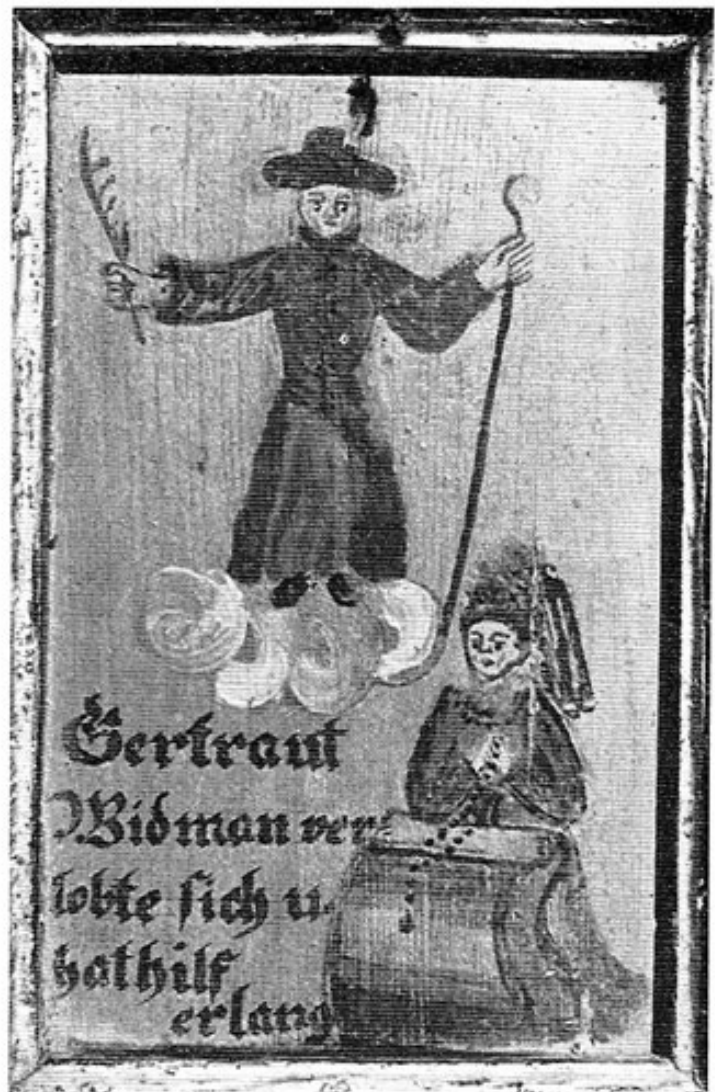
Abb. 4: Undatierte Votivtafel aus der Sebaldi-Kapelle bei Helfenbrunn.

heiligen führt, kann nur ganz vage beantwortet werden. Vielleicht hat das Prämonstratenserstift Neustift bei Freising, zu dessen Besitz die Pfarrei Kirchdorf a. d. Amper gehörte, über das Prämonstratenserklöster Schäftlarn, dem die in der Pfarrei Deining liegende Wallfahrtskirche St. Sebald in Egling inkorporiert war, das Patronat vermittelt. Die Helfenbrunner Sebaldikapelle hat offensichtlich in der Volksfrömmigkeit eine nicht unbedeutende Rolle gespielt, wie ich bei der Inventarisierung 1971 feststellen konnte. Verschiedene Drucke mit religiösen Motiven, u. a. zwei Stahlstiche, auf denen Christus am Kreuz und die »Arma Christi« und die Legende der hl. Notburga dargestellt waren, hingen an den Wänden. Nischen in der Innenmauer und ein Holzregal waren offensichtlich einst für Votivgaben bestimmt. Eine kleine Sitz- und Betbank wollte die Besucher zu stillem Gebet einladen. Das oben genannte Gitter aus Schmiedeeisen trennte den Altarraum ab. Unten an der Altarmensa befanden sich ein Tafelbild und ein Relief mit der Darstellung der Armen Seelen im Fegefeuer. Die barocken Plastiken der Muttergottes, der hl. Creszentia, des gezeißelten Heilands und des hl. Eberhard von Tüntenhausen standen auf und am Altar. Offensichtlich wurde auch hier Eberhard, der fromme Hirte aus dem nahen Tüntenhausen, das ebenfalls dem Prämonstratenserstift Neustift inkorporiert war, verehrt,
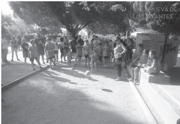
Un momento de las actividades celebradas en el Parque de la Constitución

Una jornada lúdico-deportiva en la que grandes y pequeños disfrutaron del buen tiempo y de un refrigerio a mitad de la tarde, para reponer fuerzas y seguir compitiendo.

---

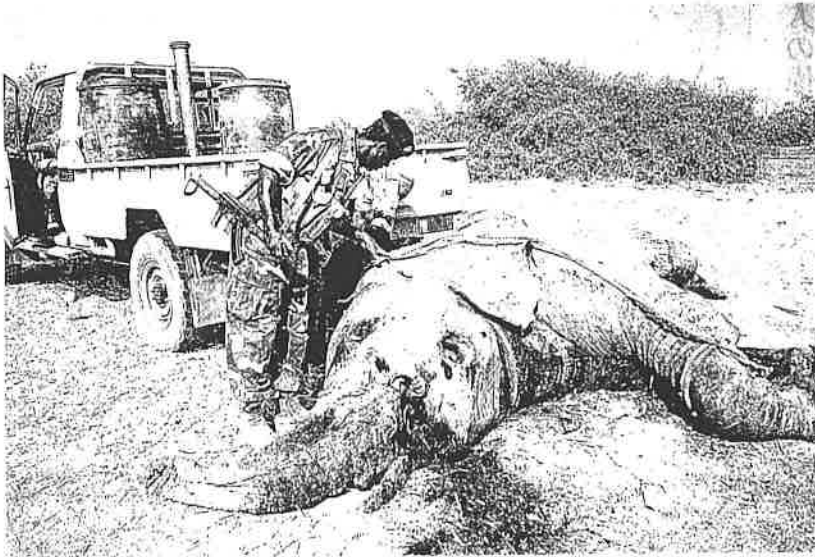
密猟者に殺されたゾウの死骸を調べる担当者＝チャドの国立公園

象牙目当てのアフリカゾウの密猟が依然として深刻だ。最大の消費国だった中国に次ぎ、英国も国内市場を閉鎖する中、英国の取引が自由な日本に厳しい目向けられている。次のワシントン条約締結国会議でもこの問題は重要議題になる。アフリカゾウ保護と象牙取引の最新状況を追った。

§ **Task prompt**: Out of the listing above, reproduce exactly the lines from the one with "密猟者に殺されたゾウの死骸を調べる担当者＝チャドの国立公園" up to and including the one with "象牙目当てのアフリカゾウの密".

§ **Problem solution**:
密猟者に殺されたゾウの死骸を調べる担当者＝チャドの国立公園

象牙目当てのアフリカゾウの密猟が依然として深刻だ。最大の消費国だった中国に次ぎ、英国も国内市場を閉鎖する中、英国の取引が自由な日本に厳しい目向けられている。次のワシントン条約締結国会議でもこの問題は重要議題になる。アフリカゾウ保護と象牙取引の最新状況を追った。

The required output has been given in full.